(Exercise data Opens)

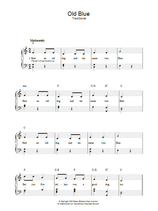 Download or print Traditional Old Blue sheet music, chords and digital score arranged for Piano, Vocal & Guitar Chords. This Children score includes 2 page(s).
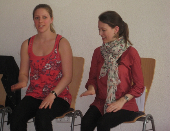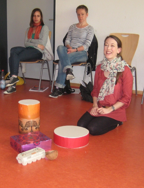 Die Erzieher/innen waren von diesen Kursen so begeistert, dass sie einen Fortbildungskurs wünschten, um auch selbst im Alltag Ideen, Techniken und praktische Übungen der EMP durchführen zu können. Im April 2013 haben sie zwei Nachmittage lang mit den Referentinnen folgende Themen bearbeitet: Musik und Bewegung erleben – Stimmbildung und Singen mit Kindern – Kennenlernen / Einsatz von Elementarem Instrumentarium, z.B. Orff-Instrumente oder selbst gebaute. Achtzehn Erzieherinnen nahmen an dem Kurs teil und haben sich noch weitere zwei Nachmittage zur Vertiefung gewünscht. Jetzt sind die Kurse zur Tradition geworden!
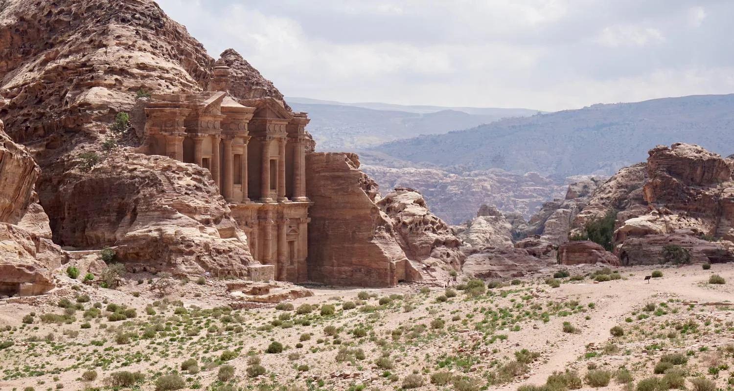Today's adventure takes you on an extraordinary, lesser-known Bedouin path that winds through the mountains and leads into Petra. The journey begins with a scenic walk across open farmland, transitioning to a trail across eroded sandstone, offering breathtaking views over the Great Rift Valley to the west. An hour later, the trail brings you down towards Petra, unveiling the awe-inspiring rock-cut façade of ad Deir, the Monastery. Here, you can take a break, enjoy some tea, and explore the ruins, before descending the Nabataean processional stone steps into the heart of Petra. After meandering through the ancient temples and tombs, you'll exit through another secret slot canyon known as 'the Dark Siq,' eventually circling back towards Petra and entering via the main siq for a classic arrival in the city. This leads you to Petra’s iconic and most celebrated monument, the Treasury. This itinerary offers a truly spectacular day of hiking around Petra, allowing you to experience both its most remarkable routes in a single day.
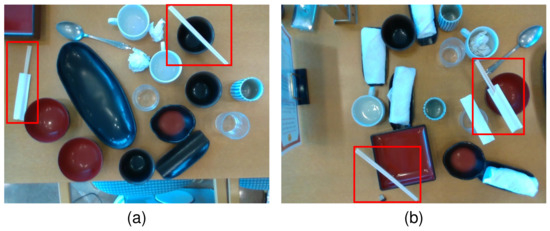 The reason for the low detection accuracy of several kinds of dishes related to chopsticks is not only due to the insufficient learning caused by the small quantity, but also the characteristics of these kinds of dishes themselves. For example, Chopsticks-two and Chopsticks-one are both chopsticks, and they are quite similar in appearance, which makes it more difficult for the model to distinguish them during the test process. In addition, as shown in Figure 8, in both images of the training dataset, the items marked by red boxes are all labeled as Chopsticks-two, but they actually have some obvious differences, partly just chopsticks and partly a combination of chopsticks and cover. In addition, in Figure 3b, Towel-dish is placed below the Towel in the upper right corner, but Towel-dish is not marked during the labeling process, which also affects the learning effect of the model to a certain extent. These labeling problems, which affect the accuracy of the pruned model, will be improved in the future work.
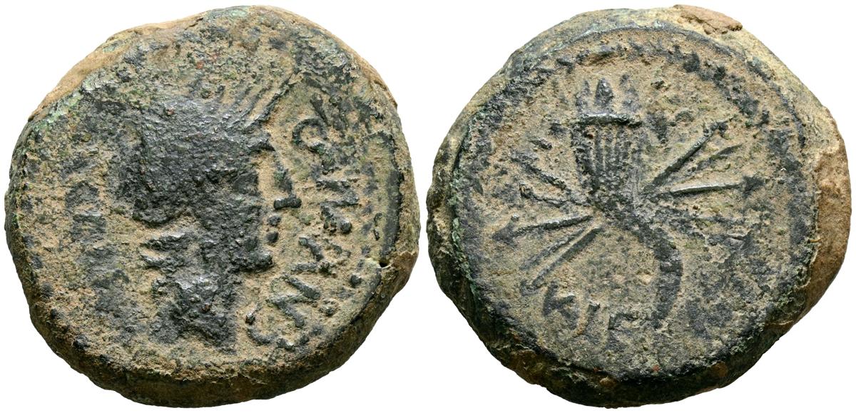 VALENTIA (Valencia). As. (Ae. 30,23g/32mm). 150-50 a.C. (FAB-2510). Anv: Cabeza galeada de Roma a derecha, alrededor leyenda: C MVNI Q C LVCIEN. Rev: Cornucopia sobre fúlmen, debajo leyenda: VALENTIA, dentro de corona de laurel. MBC. Escaso ejemplar.
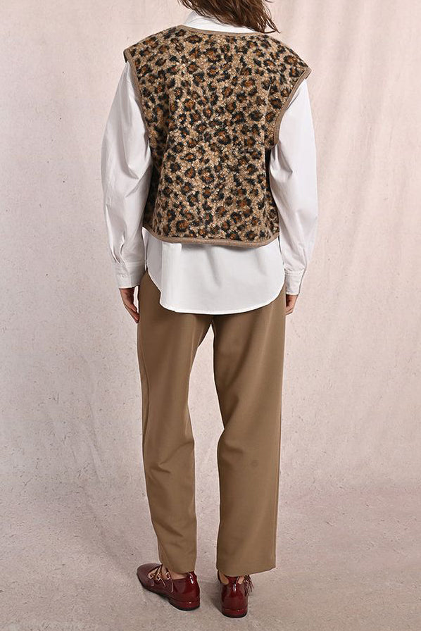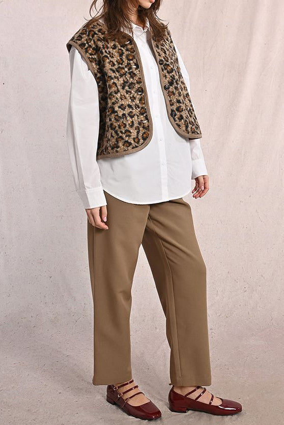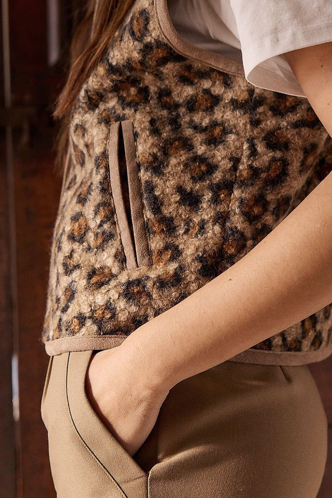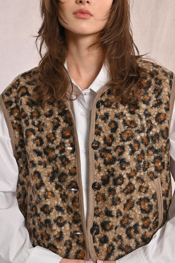 Personify Shopwarm, cozy vest in a fierce and trendy leopard print. lined vest is made from a soft, textured fleece and features a round neckline, button front, side welt pockets, and a straight, oversized fit. it makes a cute layer to wear all winter long.
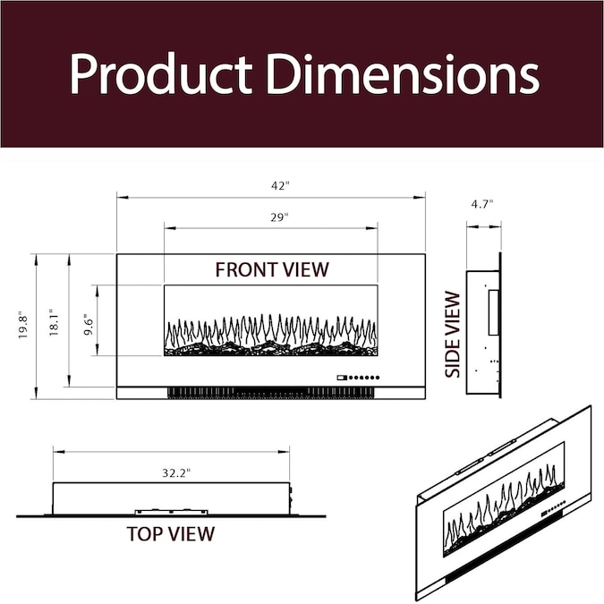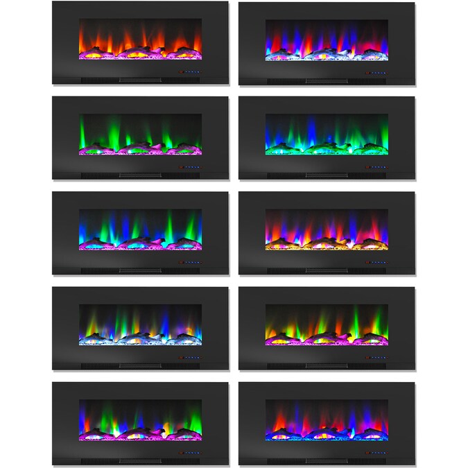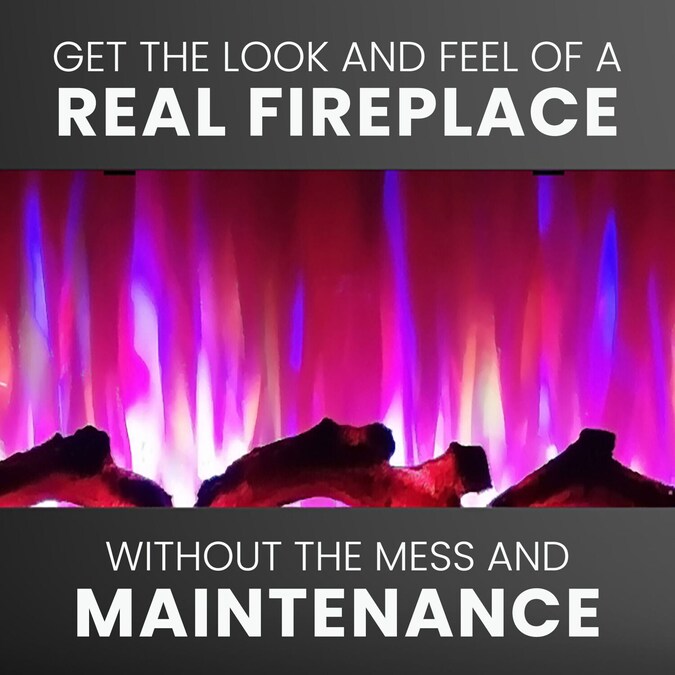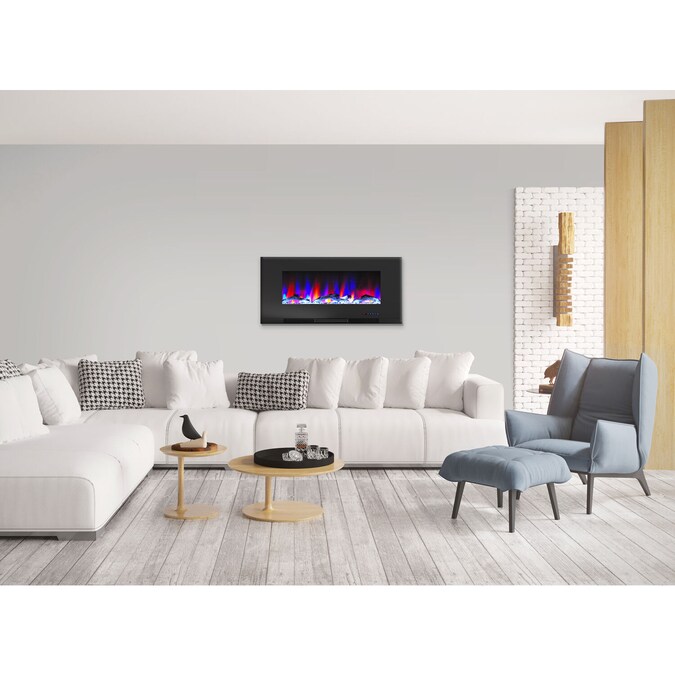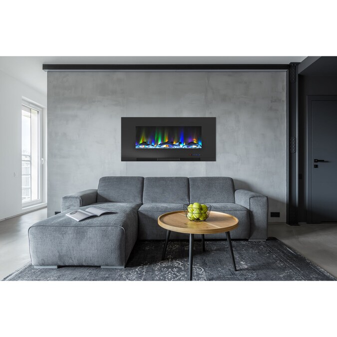 Treat yourself to cozy evenings by the fire with a 42-inch color-changing wall fireplace by Cambridge. Featuring a stunning array of flame colors and effects that flicker and glow across a bed of crystal rocks, you can customize a beautiful fire show to suit your mood. Whether you’re feeling classic orange, bright green, ultraviolet, or all the colors at once, our unique color spectrum is sure to please. Designed for wall mounting to maximize floor space, you can easily install this electric fireplace heater in your living room, family room, bedroom, or home office. Heated fan-forced air efficiently warms an indoor space up to 210 square feet with two heat settings, a 9-hour on/off timer, and built-in overheat protection for your safety and peace of mind. The enchanting LED flames operate with or without heat, providing year-round enjoyment whenever you desire. Included for your convenience is a user-friendly remote control, making it easy to adjust all the settings from across the room without leaving your seat. Simply turn it on and relish true fireside bliss without the smoke and mess of a traditional fireplace. Rest and relax in comfort and style with an electric wall fireplace by Cambridge.
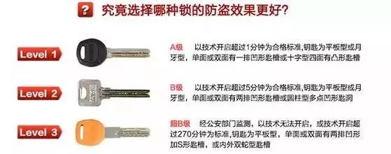 从钥匙形状区分锁具防盗性能高低为abc级,看家里的锁芯安全吗?
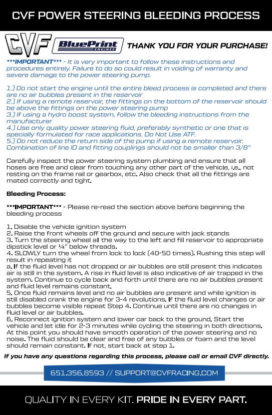 How do I bleed my power steering pump? Please follow CVF Racing's instructions below: CVF POWER STEERING BLEEDING PROCESS
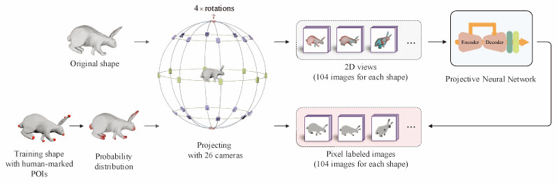 成果简介:检测三维形状上的兴趣点是计算机视觉和图形学中的基础研究问题。由于三维兴趣点自身几何特征的复杂性,检测任意给定的三维形状上的兴趣点仍然是一个非常具有挑战性的问题。现有的基于数据驱动的三维兴趣点检测算法主要侧重于利用手工设计的几何特征来预测每个顶点是否为三维兴趣点的概率,由于目前国际学术界缺乏高质量的公开训练数据,现有检测算法的性能受到极大的限制。我们提出了一种基于投影神经网络的三维兴趣点检测算法。该算法首先将三维形状训练集投影到多个二维视图,然后以端到端的方式从二维视图中学习有效特征。最后,在三维形状上利用学习到的神经网络进行检测,并结合改进的密度峰值聚类算法得到最终的检测结果。该算法具有既不依赖手工制作的特征描述符也不依赖大量昂贵的三维训练数据的优点。在国际学术界公开数据集上的实验结果表明,该算法的性能明显优于已有算法。该项成果以舒振宇教授为第一作者,于2022年发表在国际计算机领域权威期刊《IEEE Transactions on Multimedia》上。
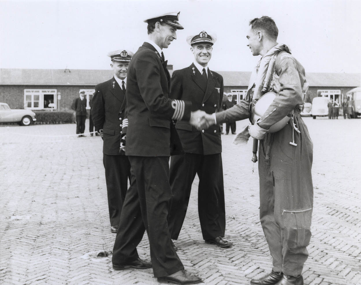 Aankomst van de eerste Hawker FGA-50 Seahawk carrier-jachtbommenwerper op Marinevliegkamp Valkenburg. KTZV Witholt, commamdant MVKV, heet de LTZV 1 Idzerda welkom.
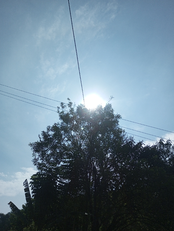 Sunlight shines through a leafy tree against a bright blue sky with wispy clouds. Electrical lines cut across the upper portion of the frame, intersecting near the sun's position. The tree's foliage is dense and dark, obscuring much of the background. Other trees are visible at the bottom of the image.
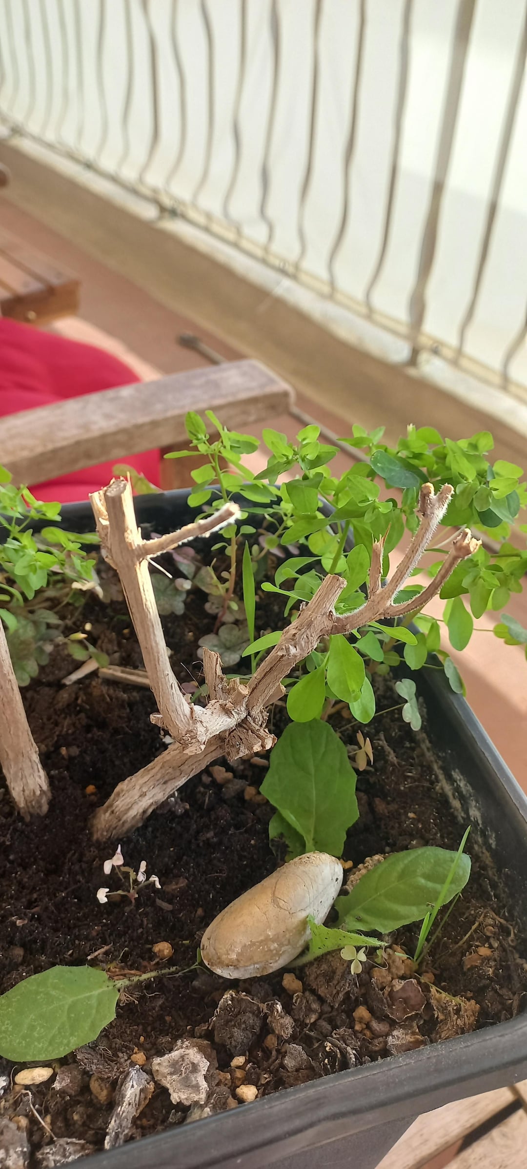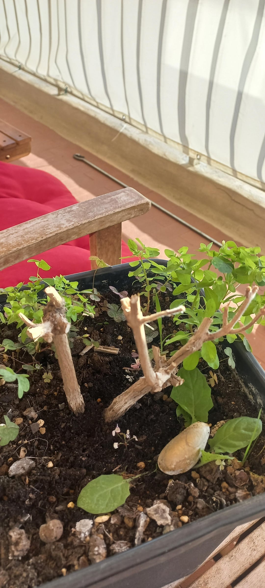 T’as un nom de plante latin pour ce petit spécimen ? Parce qu’un basilic c’est vivace mais pas chez nous, il n’est pas rustique. Par contre j’en ai jamais vu faire du bois, c’est peut être une autre plante qui ressemble au basilic mais c’est autre chose. En tout cas là ton bois il est mort y a 0 bourgeons donc impossible que ça reparte il faut laisser des bourgeons ou du vert quand on taille.

(Exercise data Closes)

■ Exercise goal ■
Nothing may be altered when you restate the records, but every picture must be dropped.

■ Your response ■
 Download or print Traditional Old Blue sheet music, chords and digital score arranged for Piano, Vocal & Guitar Chords. This Children score includes 2 page(s).
 Die Erzieher/innen waren von diesen Kursen so begeistert, dass sie einen Fortbildungskurs wünschten, um auch selbst im Alltag Ideen, Techniken und praktische Übungen der EMP durchführen zu können. Im April 2013 haben sie zwei Nachmittage lang mit den Referentinnen folgende Themen bearbeitet: Musik und Bewegung erleben – Stimmbildung und Singen mit Kindern – Kennenlernen / Einsatz von Elementarem Instrumentarium, z.B. Orff-Instrumente oder selbst gebaute. Achtzehn Erzieherinnen nahmen an dem Kurs teil und haben sich noch weitere zwei Nachmittage zur Vertiefung gewünscht. Jetzt sind die Kurse zur Tradition geworden!
Today's adventure takes you on an extraordinary, lesser-known Bedouin path that winds through the mountains and leads into Petra. The journey begins with a scenic walk across open farmland, transitioning to a trail across eroded sandstone, offering breathtaking views over the Great Rift Valley to the west. An hour later, the trail brings you down towards Petra, unveiling the awe-inspiring rock-cut façade of ad Deir, the Monastery. Here, you can take a break, enjoy some tea, and explore the ruins, before descending the Nabataean processional stone steps into the heart of Petra. After meandering through the ancient temples and tombs, you'll exit through another secret slot canyon known as 'the Dark Siq,' eventually circling back towards Petra and entering via the main siq for a classic arrival in the city. This leads you to Petra’s iconic and most celebrated monument, the Treasury. This itinerary offers a truly spectacular day of hiking around Petra, allowing you to experience both its most remarkable routes in a single day.
 The reason for the low detection accuracy of several kinds of dishes related to chopsticks is not only due to the insufficient learning caused by the small quantity, but also the characteristics of these kinds of dishes themselves. For example, Chopsticks-two and Chopsticks-one are both chopsticks, and they are quite similar in appearance, which makes it more difficult for the model to distinguish them during the test process. In addition, as shown in Figure 8, in both images of the training dataset, the items marked by red boxes are all labeled as Chopsticks-two, but they actually have some obvious differences, partly just chopsticks and partly a combination of chopsticks and cover. In addition, in Figure 3b, Towel-dish is placed below the Towel in the upper right corner, but Towel-dish is not marked during the labeling process, which also affects the learning effect of the model to a certain extent. These labeling problems, which affect the accuracy of the pruned model, will be improved in the future work.
 VALENTIA (Valencia). As. (Ae. 30,23g/32mm). 150-50 a.C. (FAB-2510). Anv: Cabeza galeada de Roma a derecha, alrededor leyenda: C MVNI Q C LVCIEN. Rev: Cornucopia sobre fúlmen, debajo leyenda: VALENTIA, dentro de corona de laurel. MBC. Escaso ejemplar.
 Personify Shopwarm, cozy vest in a fierce and trendy leopard print. lined vest is made from a soft, textured fleece and features a round neckline, button front, side welt pockets, and a straight, oversized fit. it makes a cute layer to wear all winter long.
 Treat yourself to cozy evenings by the fire with a 42-inch color-changing wall fireplace by Cambridge. Featuring a stunning array of flame colors and effects that flicker and glow across a bed of crystal rocks, you can customize a beautiful fire show to suit your mood. Whether you’re feeling classic orange, bright green, ultraviolet, or all the colors at once, our unique color spectrum is sure to please. Designed for wall mounting to maximize floor space, you can easily install this electric fireplace heater in your living room, family room, bedroom, or home office. Heated fan-forced air efficiently warms an indoor space up to 210 square feet with two heat settings, a 9-hour on/off timer, and built-in overheat protection for your safety and peace of mind. The enchanting LED flames operate with or without heat, providing year-round enjoyment whenever you desire. Included for your convenience is a user-friendly remote control, making it easy to adjust all the settings from across the room without leaving your seat. Simply turn it on and relish true fireside bliss without the smoke and mess of a traditional fireplace. Rest and relax in comfort and style with an electric wall fireplace by Cambridge.
 从钥匙形状区分锁具防盗性能高低为abc级,看家里的锁芯安全吗?
 How do I bleed my power steering pump? Please follow CVF Racing's instructions below: CVF POWER STEERING BLEEDING PROCESS
 成果简介:检测三维形状上的兴趣点是计算机视觉和图形学中的基础研究问题。由于三维兴趣点自身几何特征的复杂性,检测任意给定的三维形状上的兴趣点仍然是一个非常具有挑战性的问题。现有的基于数据驱动的三维兴趣点检测算法主要侧重于利用手工设计的几何特征来预测每个顶点是否为三维兴趣点的概率,由于目前国际学术界缺乏高质量的公开训练数据,现有检测算法的性能受到极大的限制。我们提出了一种基于投影神经网络的三维兴趣点检测算法。该算法首先将三维形状训练集投影到多个二维视图,然后以端到端的方式从二维视图中学习有效特征。最后,在三维形状上利用学习到的神经网络进行检测,并结合改进的密度峰值聚类算法得到最终的检测结果。该算法具有既不依赖手工制作的特征描述符也不依赖大量昂贵的三维训练数据的优点。在国际学术界公开数据集上的实验结果表明,该算法的性能明显优于已有算法。该项成果以舒振宇教授为第一作者,于2022年发表在国际计算机领域权威期刊《IEEE Transactions on Multimedia》上。
 Aankomst van de eerste Hawker FGA-50 Seahawk carrier-jachtbommenwerper op Marinevliegkamp Valkenburg. KTZV Witholt, commamdant MVKV, heet de LTZV 1 Idzerda welkom.
 Sunlight shines through a leafy tree against a bright blue sky with wispy clouds. Electrical lines cut across the upper portion of the frame, intersecting near the sun's position. The tree's foliage is dense and dark, obscuring much of the background. Other trees are visible at the bottom of the image.
 T’as un nom de plante latin pour ce petit spécimen ? Parce qu’un basilic c’est vivace mais pas chez nous, il n’est pas rustique. Par contre j’en ai jamais vu faire du bois, c’est peut être une autre plante qui ressemble au basilic mais c’est autre chose. En tout cas là ton bois il est mort y a 0 bourgeons donc impossible que ça reparte il faut laisser des bourgeons ou du vert quand on taille.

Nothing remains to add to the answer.